* [WHAT IS REQUIRED]: Without the images, repeat every line of the listing exactly.

*** INFORMATION PROVIDED ***

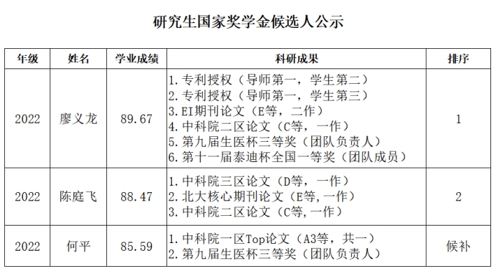 根据《中南民族大学研究生国家奖学金评审实施办法(修订)》(民大发〔2018〕21号)和《生物医学工程学院研究生国家奖学金评审实施细则》及相关文件精神,经研究生个人申报,学院研究生国家奖学金评审小组综合评议,并报学院党委会审议通过,确定2024年生物医学工程学院研究生国家奖学金候选人名单,现公示如下:
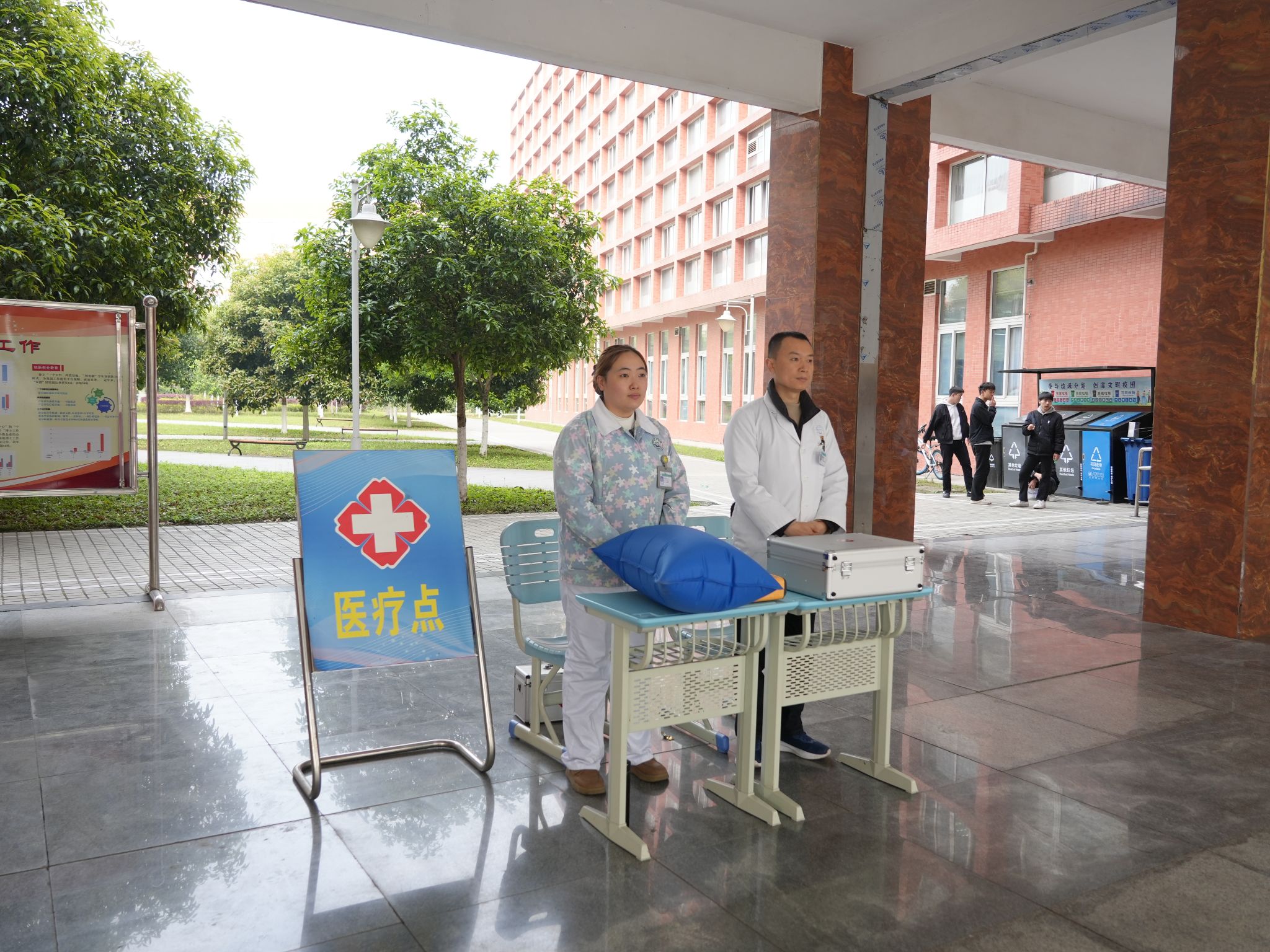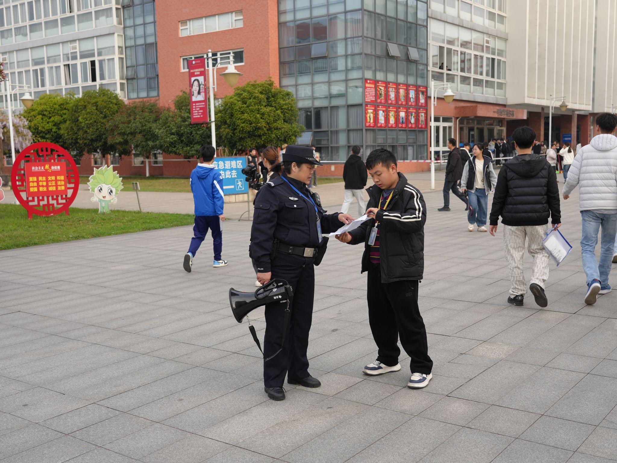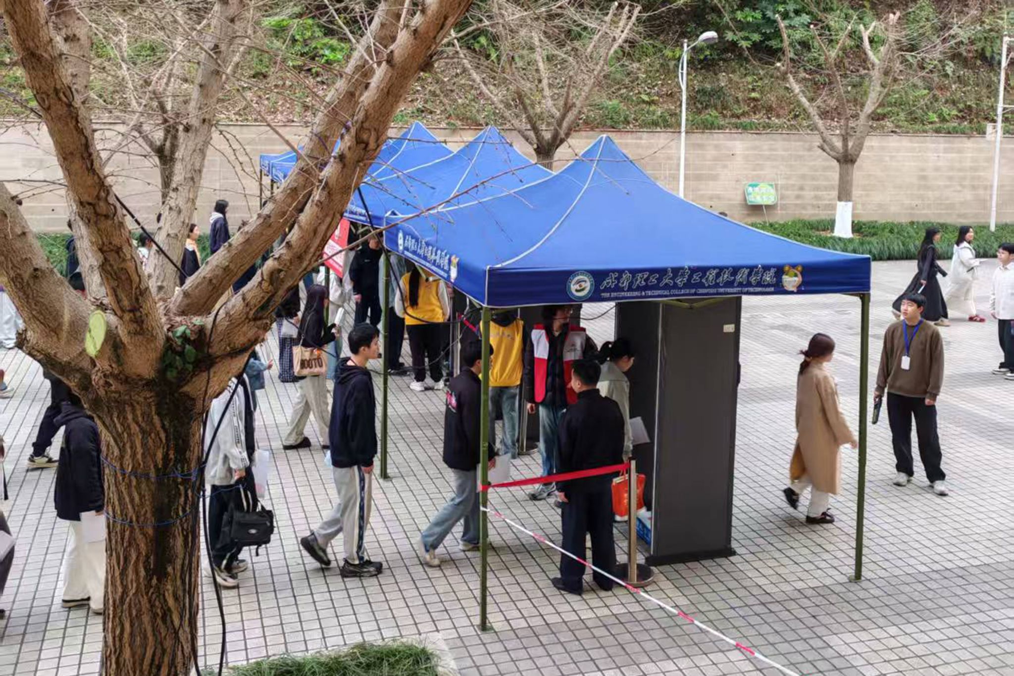 全校各部门通力合作,联合消防等部门对考场设备设施进行全面排查与维护,在考点内外设置清晰指引标识,配备医疗急救点、饮水处及备用考场,以应对各类突发状况。此外,由师生共同组建50余人的志愿者团队,为考生提供入场引导、物品存放等“一站式”暖心服务。乐职是考点,更是温暖的逐梦驿站。
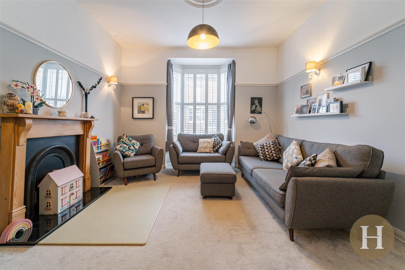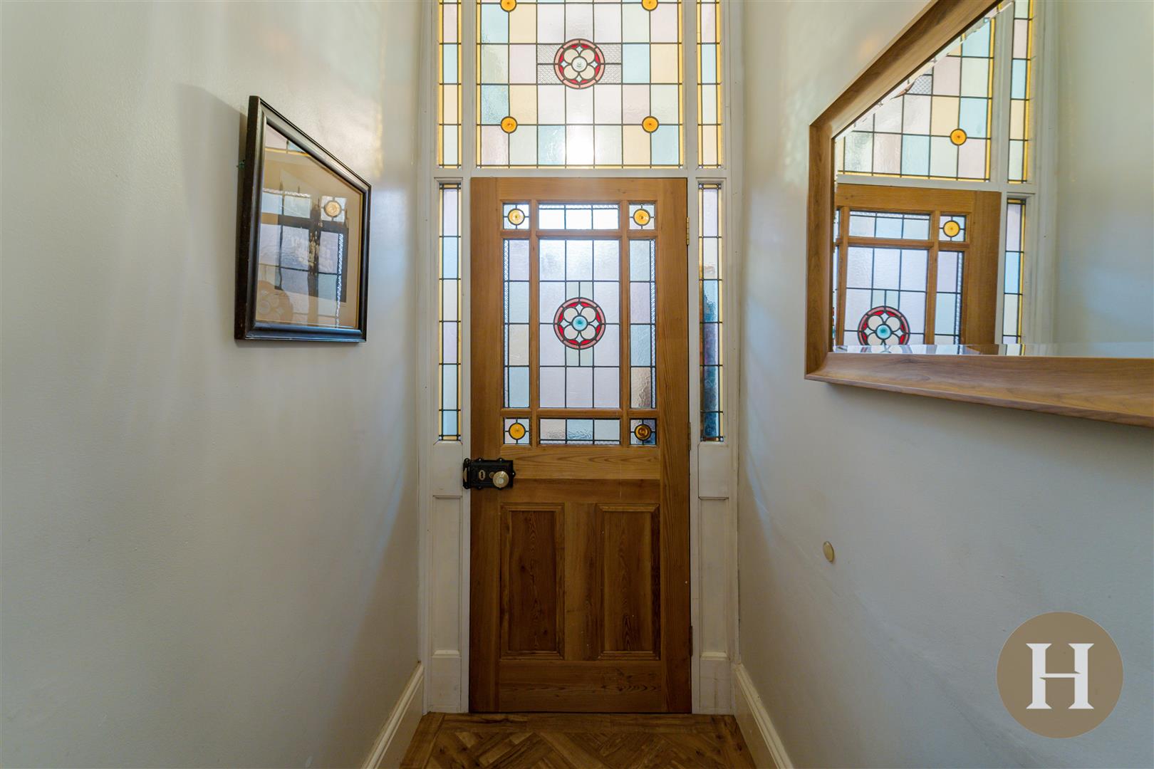Porch/ Hallway - Entrance porch boasting solid wood front door, partially glazed stained glass internal door and stained glass window over. Parquet flooring, central heating radiator, ceiling light and wall lights. Decorative plaster arch, stairs to first floor and access to converted cellar.

*** End of INFORMATION PROVIDED ***

* [THE COMPLETED TASK]:
 根据《中南民族大学研究生国家奖学金评审实施办法(修订)》(民大发〔2018〕21号)和《生物医学工程学院研究生国家奖学金评审实施细则》及相关文件精神,经研究生个人申报,学院研究生国家奖学金评审小组综合评议,并报学院党委会审议通过,确定2024年生物医学工程学院研究生国家奖学金候选人名单,现公示如下:
 全校各部门通力合作,联合消防等部门对考场设备设施进行全面排查与维护,在考点内外设置清晰指引标识,配备医疗急救点、饮水处及备用考场,以应对各类突发状况。此外,由师生共同组建50余人的志愿者团队,为考生提供入场引导、物品存放等“一站式”暖心服务。乐职是考点,更是温暖的逐梦驿站。
Porch/ Hallway - Entrance porch boasting solid wood front door, partially glazed stained glass internal door and stained glass window over. Parquet flooring, central heating radiator, ceiling light and wall lights. Decorative plaster arch, stairs to first floor and access to converted cellar.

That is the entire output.